- _Instructions for the task_: Below are entries; work out how many of their lines hold "your", giving only that number.

- _Recorded data_:

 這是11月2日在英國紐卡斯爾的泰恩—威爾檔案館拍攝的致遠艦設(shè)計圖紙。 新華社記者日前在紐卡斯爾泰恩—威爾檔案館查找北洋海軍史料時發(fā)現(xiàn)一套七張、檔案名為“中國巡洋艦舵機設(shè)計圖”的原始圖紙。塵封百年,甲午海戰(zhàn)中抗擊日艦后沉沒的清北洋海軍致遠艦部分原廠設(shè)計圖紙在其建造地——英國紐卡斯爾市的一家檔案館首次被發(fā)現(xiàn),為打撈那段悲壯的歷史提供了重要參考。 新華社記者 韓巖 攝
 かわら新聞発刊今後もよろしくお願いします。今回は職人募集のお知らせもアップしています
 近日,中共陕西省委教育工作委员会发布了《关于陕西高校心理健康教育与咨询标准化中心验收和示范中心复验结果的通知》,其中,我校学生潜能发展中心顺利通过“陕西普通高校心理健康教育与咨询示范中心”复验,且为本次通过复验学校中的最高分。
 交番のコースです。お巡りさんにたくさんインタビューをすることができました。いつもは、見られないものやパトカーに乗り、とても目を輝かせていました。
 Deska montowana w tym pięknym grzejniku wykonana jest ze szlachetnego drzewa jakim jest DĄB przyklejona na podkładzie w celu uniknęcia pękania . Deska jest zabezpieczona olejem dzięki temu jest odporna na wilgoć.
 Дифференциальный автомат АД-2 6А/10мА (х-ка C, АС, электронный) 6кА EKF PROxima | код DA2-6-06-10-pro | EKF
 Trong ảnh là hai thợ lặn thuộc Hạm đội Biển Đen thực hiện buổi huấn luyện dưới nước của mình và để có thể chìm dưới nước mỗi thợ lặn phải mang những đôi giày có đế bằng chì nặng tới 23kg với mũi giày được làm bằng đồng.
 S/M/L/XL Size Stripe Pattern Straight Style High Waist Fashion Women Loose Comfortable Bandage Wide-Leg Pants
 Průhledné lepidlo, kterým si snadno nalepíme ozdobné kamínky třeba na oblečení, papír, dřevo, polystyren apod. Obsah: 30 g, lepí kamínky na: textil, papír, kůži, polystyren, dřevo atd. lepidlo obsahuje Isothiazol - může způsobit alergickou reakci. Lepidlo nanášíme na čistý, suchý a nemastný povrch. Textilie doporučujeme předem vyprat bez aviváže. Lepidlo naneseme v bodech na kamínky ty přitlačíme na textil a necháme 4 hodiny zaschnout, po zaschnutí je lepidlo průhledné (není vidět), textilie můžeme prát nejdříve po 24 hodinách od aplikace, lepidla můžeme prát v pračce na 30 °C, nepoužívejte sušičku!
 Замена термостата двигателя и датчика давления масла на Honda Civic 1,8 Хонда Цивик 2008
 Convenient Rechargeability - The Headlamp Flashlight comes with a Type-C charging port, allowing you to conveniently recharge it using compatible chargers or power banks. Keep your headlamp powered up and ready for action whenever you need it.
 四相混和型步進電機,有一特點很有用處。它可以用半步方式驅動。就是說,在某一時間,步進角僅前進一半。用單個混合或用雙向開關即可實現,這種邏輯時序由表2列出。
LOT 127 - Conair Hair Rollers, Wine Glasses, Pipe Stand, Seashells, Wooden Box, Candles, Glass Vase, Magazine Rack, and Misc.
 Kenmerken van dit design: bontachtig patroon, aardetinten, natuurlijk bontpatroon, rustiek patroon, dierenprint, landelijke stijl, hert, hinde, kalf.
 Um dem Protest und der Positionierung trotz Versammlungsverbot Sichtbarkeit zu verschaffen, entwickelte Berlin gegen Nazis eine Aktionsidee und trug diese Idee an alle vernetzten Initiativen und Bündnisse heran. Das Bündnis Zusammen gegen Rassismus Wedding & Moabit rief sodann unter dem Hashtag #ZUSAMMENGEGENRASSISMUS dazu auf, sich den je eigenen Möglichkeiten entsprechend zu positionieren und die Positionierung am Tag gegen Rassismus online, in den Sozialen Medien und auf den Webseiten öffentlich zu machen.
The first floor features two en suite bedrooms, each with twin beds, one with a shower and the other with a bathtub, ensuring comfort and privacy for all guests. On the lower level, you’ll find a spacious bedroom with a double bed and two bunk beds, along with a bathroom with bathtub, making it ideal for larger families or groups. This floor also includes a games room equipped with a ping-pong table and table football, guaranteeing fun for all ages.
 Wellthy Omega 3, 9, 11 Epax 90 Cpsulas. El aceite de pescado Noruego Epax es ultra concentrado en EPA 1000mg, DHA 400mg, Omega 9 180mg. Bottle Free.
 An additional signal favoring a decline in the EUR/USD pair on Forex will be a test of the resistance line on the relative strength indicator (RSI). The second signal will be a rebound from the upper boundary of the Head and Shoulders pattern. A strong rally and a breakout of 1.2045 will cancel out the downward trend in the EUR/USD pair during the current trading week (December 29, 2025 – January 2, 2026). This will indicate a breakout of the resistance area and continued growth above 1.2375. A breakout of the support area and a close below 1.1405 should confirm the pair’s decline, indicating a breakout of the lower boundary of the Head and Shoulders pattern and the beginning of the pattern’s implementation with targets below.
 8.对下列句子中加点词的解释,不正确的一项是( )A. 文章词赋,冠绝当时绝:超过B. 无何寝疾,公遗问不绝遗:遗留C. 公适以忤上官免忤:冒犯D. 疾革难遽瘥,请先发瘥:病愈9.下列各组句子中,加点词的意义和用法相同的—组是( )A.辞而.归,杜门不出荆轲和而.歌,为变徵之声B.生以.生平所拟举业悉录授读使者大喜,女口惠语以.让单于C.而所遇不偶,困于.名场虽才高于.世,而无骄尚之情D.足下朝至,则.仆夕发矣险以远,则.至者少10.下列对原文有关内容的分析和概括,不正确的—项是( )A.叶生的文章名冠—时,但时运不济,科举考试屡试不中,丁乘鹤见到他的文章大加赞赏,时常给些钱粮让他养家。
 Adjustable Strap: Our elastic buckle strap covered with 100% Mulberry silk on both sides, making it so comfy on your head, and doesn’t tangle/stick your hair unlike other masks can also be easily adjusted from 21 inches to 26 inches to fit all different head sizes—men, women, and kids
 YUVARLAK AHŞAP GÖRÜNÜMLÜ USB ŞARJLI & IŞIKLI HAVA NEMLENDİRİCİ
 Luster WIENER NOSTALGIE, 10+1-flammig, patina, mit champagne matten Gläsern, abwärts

- _Written answer_: 2